Once an empire, Britain faces big military cuts
| London
By a quirk of geography, the English market town of Wootton Bassett has come to symbolize the pride that the British public continue to has in its armed forces.
Without fail, large crowds of ordinary townsfolk line its streets on at least a weekly basis every time a cortege carrying the remains of the latest soldier to fall in Afghanistan passes through from a nearby airbase.
But at a time of overwhelming public support for its service men and women, the global recession is causing Britain to face hard choices about its future military role in the world – putting at risk plans to build new aircraft carriers and heralding consequences for everything from operations alongside the US in Afghanistan to whether the UK remains nuclear-armed.
The start of the first full-scale official review of Britain's defense forces in more than 10 years was announced on Tuesday. It came within days of three of Britain's most influential independent research institutes forecasting that the £34 billion (about $54 billion) defense budget will be seriously cut.
The question of whether to support a £76 billion ($124 billion) program to replace Britain's aging Trident nuclear weapons system also looms large.
The Institute for Public Policy Research (IPPR), warned that the UK cannot afford much of the defense equipment it plans to buy, questioned the value of renewing the submarine-launched Trident nuclear deterrent, and said it was "delusional" to think the UK could act alone without closer European defense cooperation.
The squeeze is likely also to have implications for Afghanistan. Prime Minister Gordon Brown has refused to send substantial reinforcements despite appeals from President Barack Obama for more assistance from NATO allies.

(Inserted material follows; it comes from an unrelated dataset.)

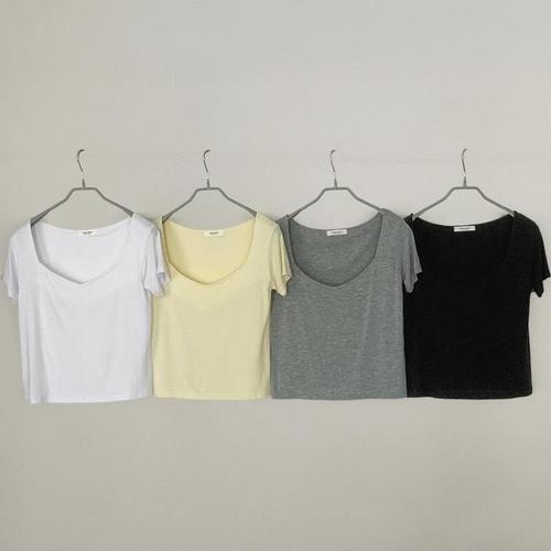 [신상오픈런]여성 스판 면 브이넥 여름 반팔 티셔츠 무채색 레이온 (37001302)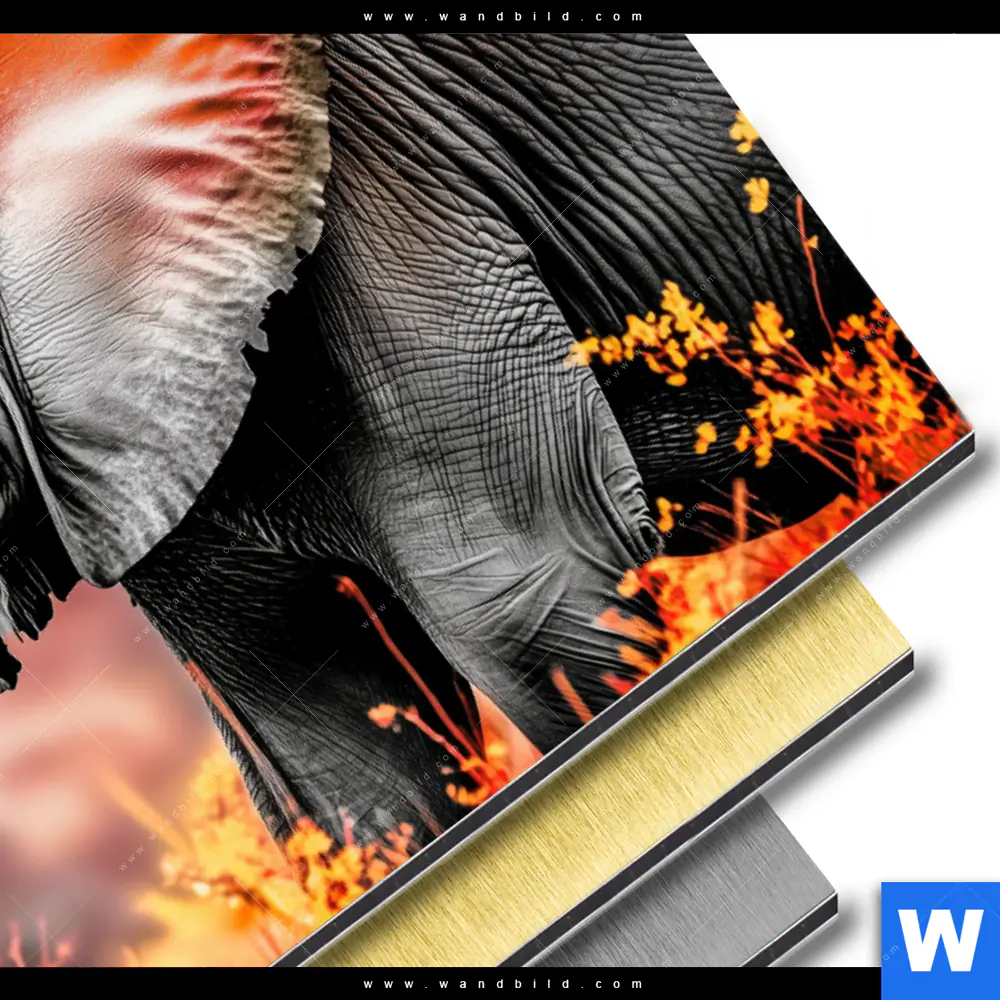 Aluminiumbild gebürstet | Elefant - Savannenzauber in Afrika | Querformat

Britain, whose 8,300 troops in Afghanistan are largely battling Taliban insurgents in Helmand Province, saw its casualty toll rise to 176 on Tuesday after an IED exploded.
Warning this week that cutbacks of up to 15 percent might occur, the Royal United Services Institute (RUSI) identified operations abroad as a target for savings, stating that the UK can "plausibly argue it is contributing much more than any other US ally to the Afghanistan operation."
"Given this, the US 'surge' into Helmand and Kandahar provinces could be used to relieve the pressure for further increases in the UK's own forces," said its report, "Preparing for the Lean Years," which said that serious savings could be made by "a radical scaling down" of UK forces there.
Report author Malcolm Chalmers said that Britain was now moving beyond liberal interventionism toward a more discretionary use of force, "because the two big operations we have been involved in, Iraq and Afghanistan, have been much bigger than we expected."
As was the case in Iraq, a climbing fatality rate is blamed by many on poor resources. Two soldiers, including one who was the most senior officer to be killed in action since the Falklands War in 1982, died earlier this month when an explosive device shattered a Viking, a type of armored tracked vehicle which has proven to be vulnerable to landmines.
At a gathering of defense experts and military figures in London this week, organized by RUSI, one of the Army's most senior former officers was highly critical of the military's limited resources.
"You have to just look at the casualty list to work out that if the equipment was better then you would not be looking at that casualty list," argued Lt. Gen. Sir John Kiszely.
He added that more helicopters were available to support the British Army's past fight in just one small part of Northern Ireland than there are currently in Afghanistan.
Speaking at the same gathering, James Arbuthnot, the chair of the House of Commons Defense Committee, struck a note of caution.
"We have to be ready to fight things which we cannot predict," said the Conservative Party member of Parliament, who raised the possibility of terrorists or rogue states using electromagnetic pulse (EMP) weapons capable of disabling electronic circuits.